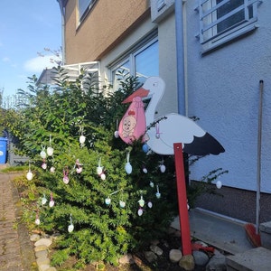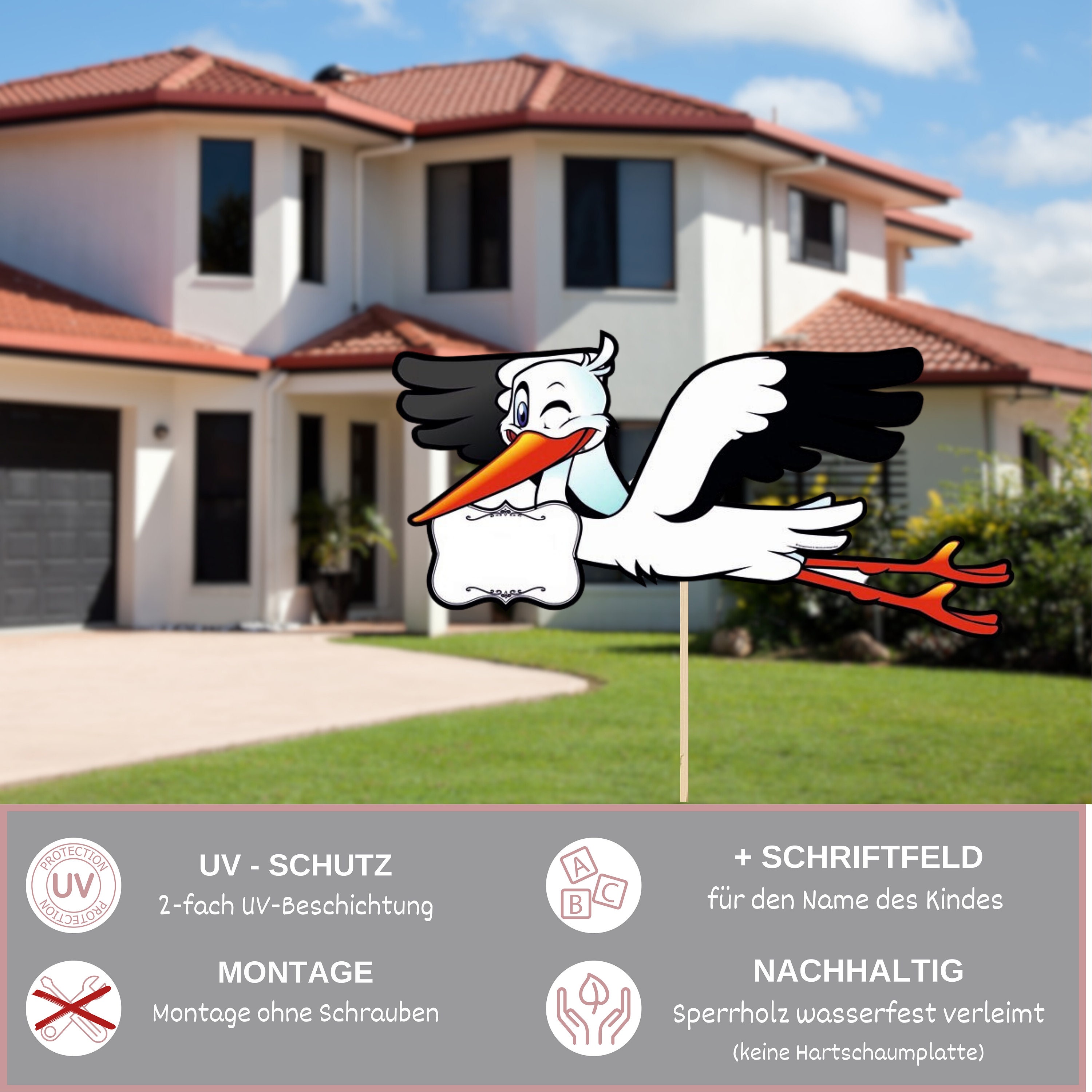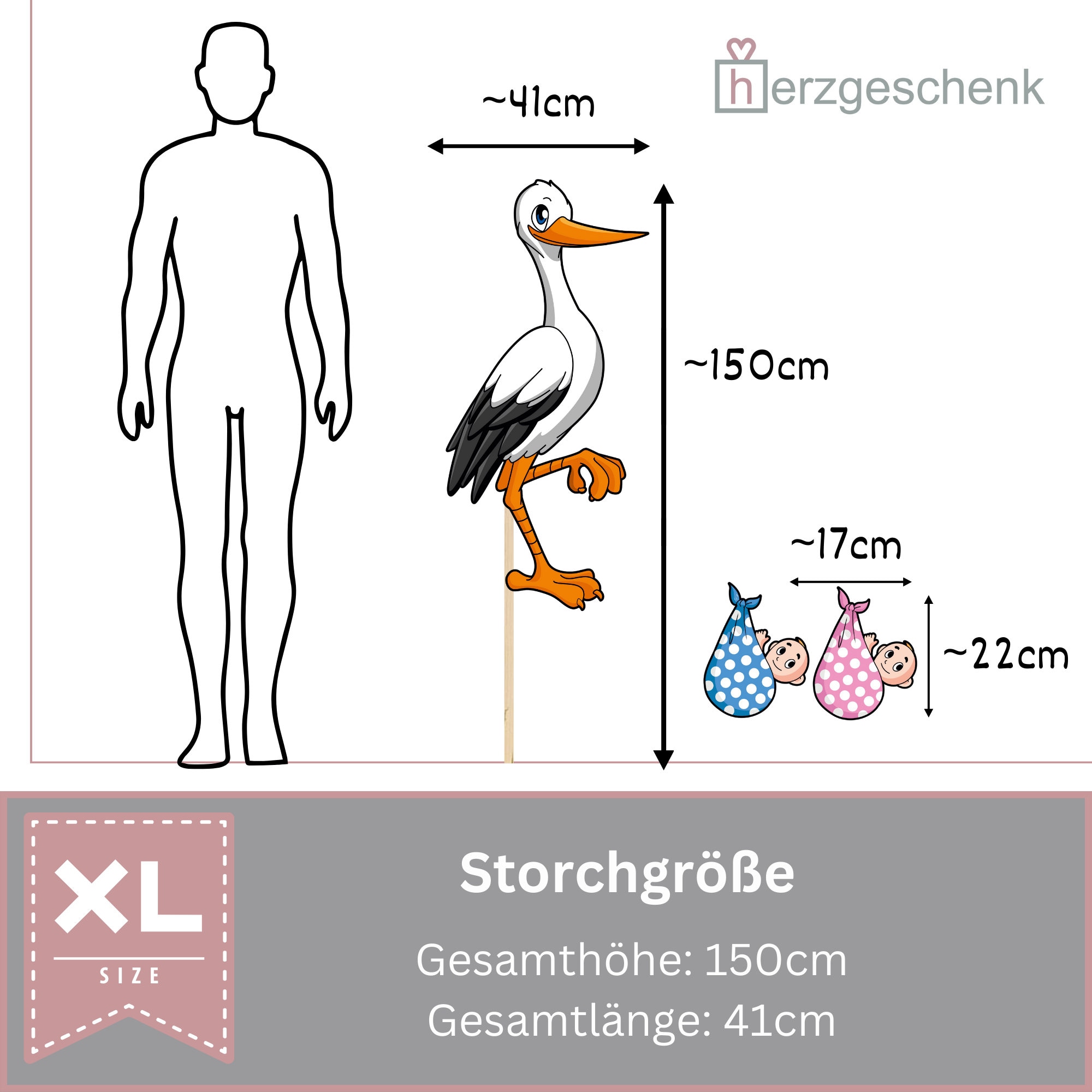 Der klassische Klapperstorch - jetzt in extra großer XL-Version! Mit stolzen 55cm Höhe und 45cm Breite ist dieser Holzstorch ein echter Hingucker in jedem Garten, auf dem Balkon oder im Kinderzimmer. Aus stabilem, lackiertem Holz das beidseitig bemalt ist - also von allen Seiten schön anzusehen. Der abnehmbare Gartenspieß macht ihn vielseitig einsetzbar: Einstecken im Garten oder einfach als Deko-Objekt im Haus. Perfekt zur Geburtsanzeige, als Geschenk zur Taufe, Hochzeit oder zum Polterabend. Inklusive blauem und rotem Dekoband für den Schnabel - traditionell für Jungen oder Mädchen. Besonders toll: Du kannst ihn sogar personalisieren lassen mit dem Wunschnamen des Kindes! Einfach den entsprechenden Artikel mitbestellen. Wetterfest und wasserfest lackiert - hält also auch draußen problemlos. Ein zeitlos schönes Stück Tradition, das Generationen überdauert. Mach deinem Nachwuchs oder jungen Eltern eine Freude mit diesem charmanten Storch - er wird sicher zum Lieblingsstück in der Deko!
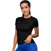 Powerista Camiseta deportiva de manga corta de color liso y sin costuras para mujer, camiseta ajustada de gimnasio, camiseta de compresión
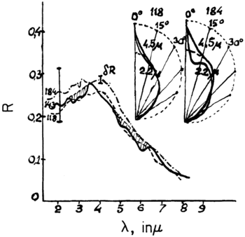 {{cite journal}}: Cite has empty unknown parameter:|تنسيق=(help); Cite journal requires|journal=(help); Unknown parameter|اقتباس=ignored (help); Unknown parameter|العدد=ignored (help); Unknown parameter|المجلد=ignored (help); Unknown parameter|تاريخ أرشيف=ignored (help); Unknown parameter|تاريخ الوصول=ignored (help); Unknown parameter|صحيفة=ignored (help); Unknown parameter|مسار أرشيف=ignored (help) - ^ Markov, M.N.; Petrov, V.S.; Akhmanova, M.V.; Dement'ev, B.V. (1980). Rycroft, M.J. (ed.). "Infrared reflection spectra of the moon and lunar soil". COSPAR Colloquia Series. Bangalore, India (published 1 January 1980). pp. 189–192. doi:10.1016/S0964-2749(13)60040-2. ISBN 978-0-08-024437-2.

**What needs to be done**
Write out exactly the opening lines of the data, stopping after the line that holds "Powerista Camiseta deportiva". Exclude pictures.

**Result**
 Der klassische Klapperstorch - jetzt in extra großer XL-Version! Mit stolzen 55cm Höhe und 45cm Breite ist dieser Holzstorch ein echter Hingucker in jedem Garten, auf dem Balkon oder im Kinderzimmer. Aus stabilem, lackiertem Holz das beidseitig bemalt ist - also von allen Seiten schön anzusehen. Der abnehmbare Gartenspieß macht ihn vielseitig einsetzbar: Einstecken im Garten oder einfach als Deko-Objekt im Haus. Perfekt zur Geburtsanzeige, als Geschenk zur Taufe, Hochzeit oder zum Polterabend. Inklusive blauem und rotem Dekoband für den Schnabel - traditionell für Jungen oder Mädchen. Besonders toll: Du kannst ihn sogar personalisieren lassen mit dem Wunschnamen des Kindes! Einfach den entsprechenden Artikel mitbestellen. Wetterfest und wasserfest lackiert - hält also auch draußen problemlos. Ein zeitlos schönes Stück Tradition, das Generationen überdauert. Mach deinem Nachwuchs oder jungen Eltern eine Freude mit diesem charmanten Storch - er wird sicher zum Lieblingsstück in der Deko!
 Powerista Camiseta deportiva de manga corta de color liso y sin costuras para mujer, camiseta ajustada de gimnasio, camiseta de compresión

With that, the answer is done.